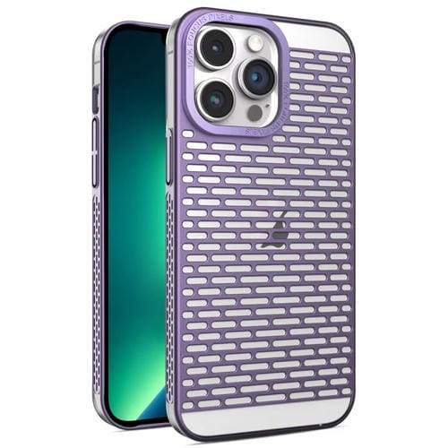Funda para Teléfono iPhone 13 Pro Max PC Galvanizada Mate Hueca Disipación de Calor (Púrpura)
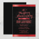 Convites de Aniversário de Casamento em Rubi Damasco Preto Sofisticados.
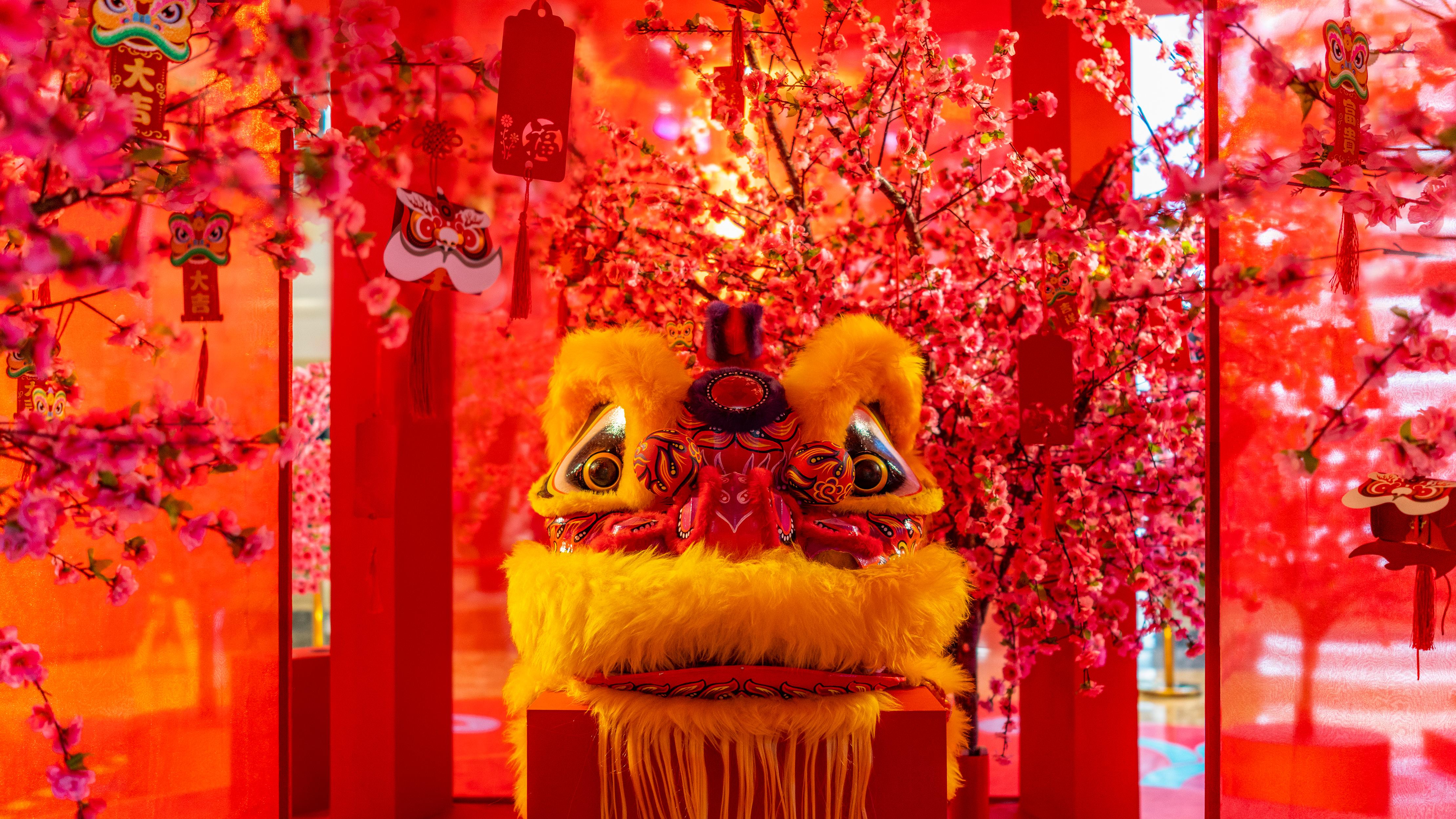 炮竹声中辞旧岁,烟花满天迎新春。从年初一开始便进入迎禧接福、拜祭神祖、祈求丰年主题。在春节期间,全国各地均有举行各种庆贺新春活动,带有浓郁的各地地方特色。中国民俗传统,认为舞狮可以驱邪辟鬼。故此每逢喜庆节日,都喜欢敲锣打鼓,舞狮助庆,长盛不衰,历代相传。新的一年,喜气洋洋,万事胜意!
● ● ● ● ●
Only the lines between the one containing "Convites de Aniversário" and the last line of the listing above, both included, should be written out, exactly and without pictures.

 Convites de Aniversário de Casamento em Rubi Damasco Preto Sofisticados.
 炮竹声中辞旧岁,烟花满天迎新春。从年初一开始便进入迎禧接福、拜祭神祖、祈求丰年主题。在春节期间,全国各地均有举行各种庆贺新春活动,带有浓郁的各地地方特色。中国民俗传统,认为舞狮可以驱邪辟鬼。故此每逢喜庆节日,都喜欢敲锣打鼓,舞狮助庆,长盛不衰,历代相传。新的一年,喜气洋洋,万事胜意!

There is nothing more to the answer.